Cloud computing vendor Blackbaud has been slapped with a $3 million civil penalty by the Securities and Exchange Commission (SEC) for making misleading disclosures about a 2020 ransomware attack that impacted more than 13,000 customers. The SEC found that Blackbaud was not forthcoming about the extent of the data-extortion malware attack and left out material information about the scope of the incident. In July 2020, Blackbaud confirmed it made a ransom payment to help with data recovery efforts after ransomware actors infected its corporate network.
The SEC revealed that Blackbaud’s incident notice, which has since been removed from its website, said the attackers did not access credit card data, bank account information or the social security numbers of its customers. However, the SEC found that this claim was misleading. Blackbaud failed to disclose that its personnel had learned that the attacker had in fact accessed and exfiltrated sensitive information. Due to this failure, the company filed a quarterly report with the SEC that was misleading and omitted material information about the scope of the attack.
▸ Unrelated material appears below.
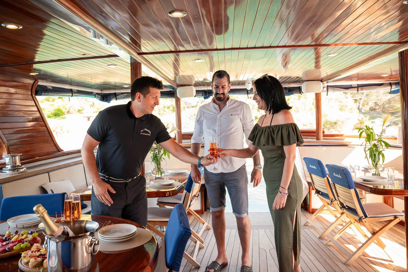 Available for private charters from mid-July until the end of August, mini cruiser Mendula allows plenty of privacy to all its guests. Cruising itineraries seamlessly blend the charms of Central Dalmatia with the picturesque south and north of Croatia, where you can enjoy the incredible natural diversity of the Elafiti Islands, Mljet, Dubrovnik, the Kornati Islands, and other top sailing destinations in Croatia.

David Hirsch, Chief of the SEC Enforcement Division’s Crypto Assets and Cyber Unit, noted that Blackbaud failed in its obligation to provide their investors with accurate and timely material information. Without admitting or denying the SEC’s findings, Blackbaud agreed to cease and desist from committing violations and pay a $3 million civil penalty.
In conclusion, Blackbaud has been hit with a $3 million civil penalty by the SEC for failing to inform investors of the full extent of a 2020 ransomware attack. The company left out material information, misled investors, and failed to update their quarterly report with the SEC. Without admitting or denying the SEC’s findings, Blackbaud agreed to pay a $3 million civil penalty and cease and desist from committing violations.
Key Points:
• Blackbaud has been hit with a $3 million civil penalty by the SEC for failing to inform investors of the full extent of a 2020 ransomware attack.
• The company left out material information, misled investors, and failed to update their quarterly report with the SEC.
• Without admitting or denying the SEC’s findings, Blackbaud agreed to pay a $3 million civil penalty and cease and desist from committing violations.